WORK REQUEST: The whole listing below should be retyped exactly, without any images.

THE DATA:
-=-=-
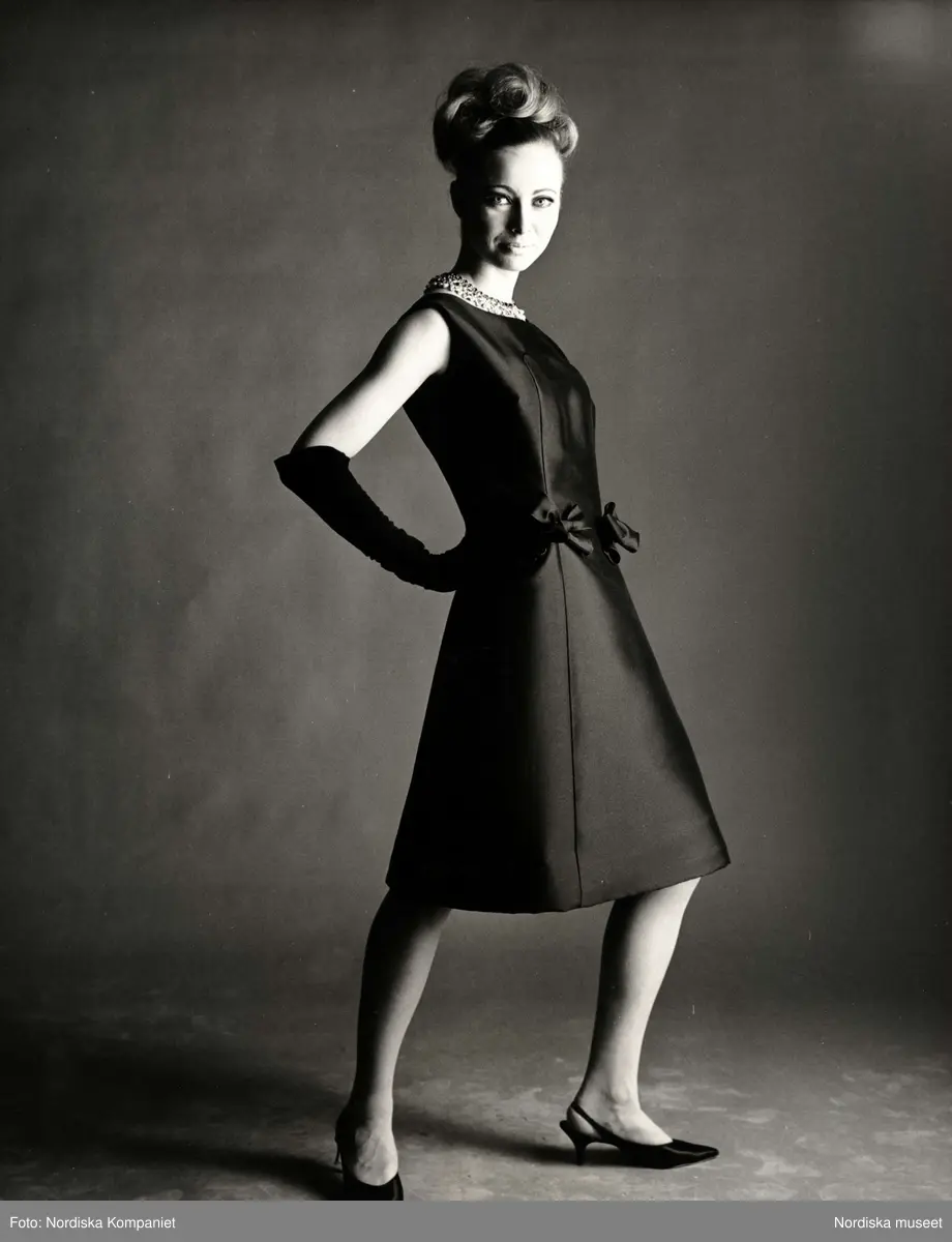 NK:s Franska damskrädderi, mannekäng i klänning från Jean Patou, långa handskar och pumps.
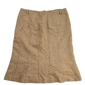 Ann Taylor Loft size 6 Brown Tweed Midi Skirt Flare A-Line Classic Business Wool
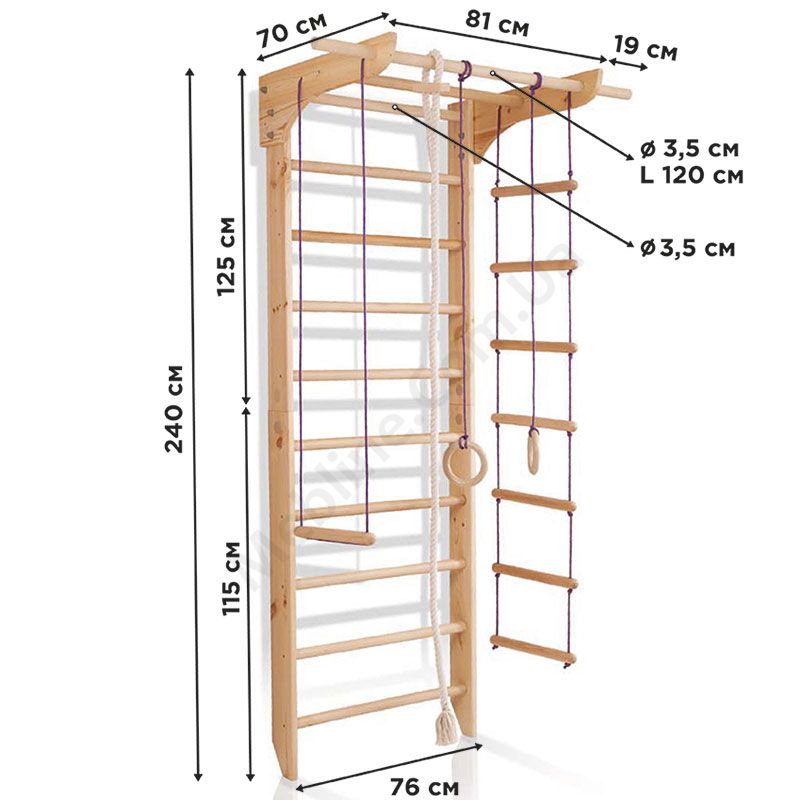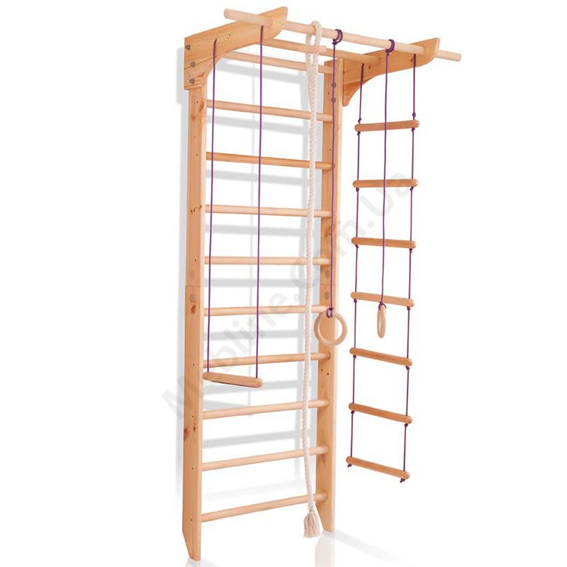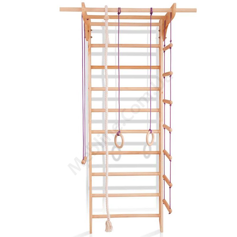 Дерев’яна шведська стінка з канатом, трапецією та драбиною.
-=-=-
SOLUTION BELOW:
 NK:s Franska damskrädderi, mannekäng i klänning från Jean Patou, långa handskar och pumps.
 Ann Taylor Loft size 6 Brown Tweed Midi Skirt Flare A-Line Classic Business Wool
 Дерев’яна шведська стінка з канатом, трапецією та драбиною.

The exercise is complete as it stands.